首先是最开始一对多关系中,改动如下:将的lazy改为select:

students = db.relationship('Student', backref='_class', lazy="select")

这样的话, class.students会直接返回结果列表:

>>> from app.models import Student as S, Class as C
>>> c1=C.query.first()
>>> c1.students
[<Student: u'test'>, <Student: u'test2'>, <Student: u'test3'>]
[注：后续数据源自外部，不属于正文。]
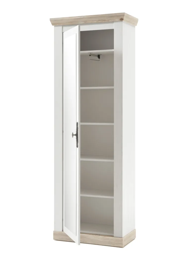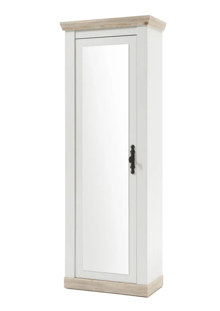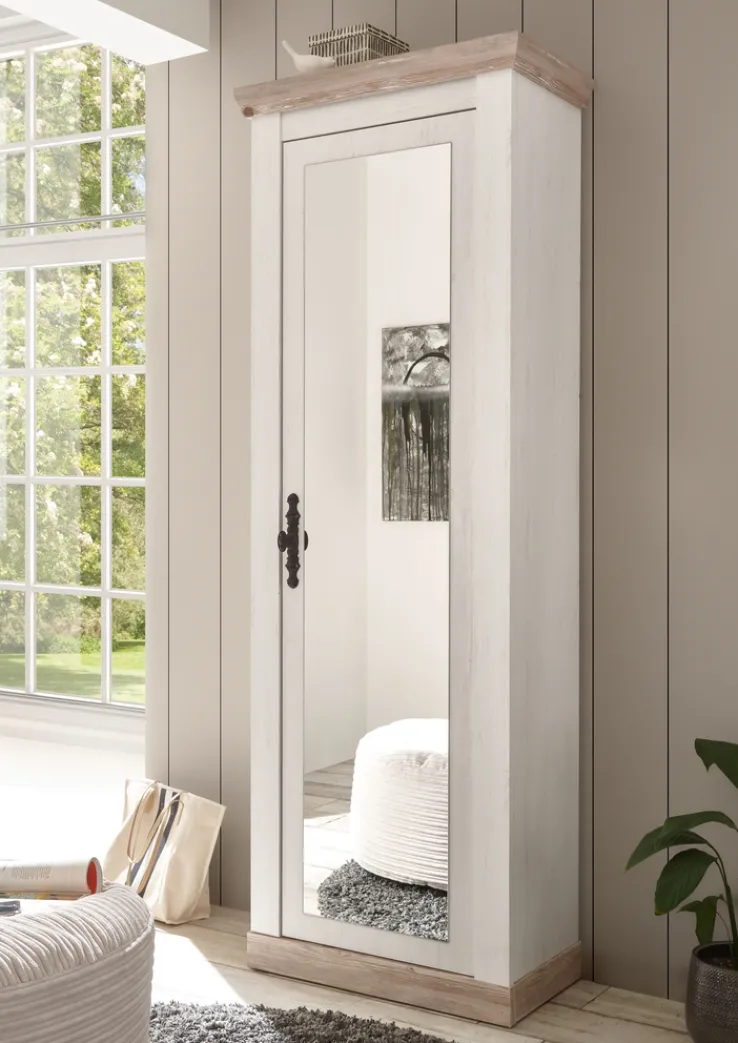 Bei dem attraktiven Kleinmöbel FLORENZ handelt es sich um einen reizenden Garderobenschrank, der inklusive aufgesetztem Spiegel ins Haus kommt. Der Korpus und die Front bestehen aus Pinienholz und sind weiß. Applikationen in Pinie-Oslo-Dekor sorgen für zusätzlichem Charme. Hinter der Drehtür, die mit einem schwarzen Metallgriff geöffnet werden kann, befinden sich eine Kleiderstange und sechs Fächer. Das Modell ist 38 cm tief und besteht aus Holznachbildung.
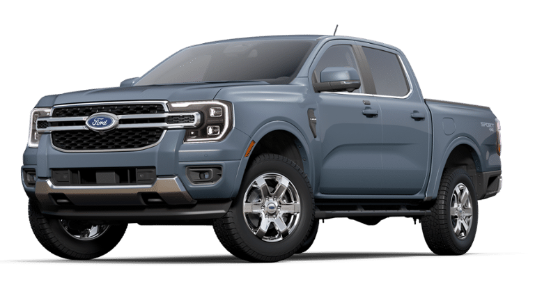 Convenience Package: 120V/400W In-Cab and In-Bed Power Outlets; Wireless Charging Pad. Equipment Group 500A Standard: Electronic 10-Speed Automatic Transmission; Leather-Trimmed Front Heated Bucket Seats; Sport Appearance Package; 2.3L EcoBoost Engine; 255/65R18 All-Terrain BSW Tires; 6. 170 lbs GVWR; B&O Sound System by Bang and Olufsen. Trailer Tow Package: Class IV Trailer Hitch Receiver. Chrome Accent Package: Chrome Rear Bumper; Body Color Painted Front Fascia; 18" Chrome-Like PVD Wheels; Chrome Center Bar and Grille Surround; Painted Body-Color Wheel Lip Molding. Azure Gray Met Tri-Coat. Black Running Boards. Electronic-Locking Rear Differential. Modular Drop-In Bedliner. Black SecuriCode Wireless Keyless Entry Keypad (DIO). Integrated Box Side Step. Tray Style Floor Liner. **Equipment listed is based on original vehicle build and subject to change. Please confirm the accuracy of the included equipment by calling the dealer prior to purchase.**

这种情况下,在数据量较大或者想做进一步操作时候,不太方便,因此这个时候, dynamic就用上了:

students = db.relationship('Student', backref='_class', lazy="dynamic")

同样看看结果:

>>> from app.models import Student as S, Class as C
>>> s1=S.query.first()
>>> c1=C.query.first()
>>> c1.students
<sqlalchemy.orm.dynamic.AppenderBaseQuery object at 0x7f007d2e8ed0>
>>> print c1.students
SELECT students.id AS students_id, students.name AS students_name
FROM students, registrations
WHERE :param_1 = registrations.class_id AND students.id = registrations.student_id
>>> c1.students.all()
[<Student: u'test'>, <Student: u'test2'>, <Student: u'test3'>]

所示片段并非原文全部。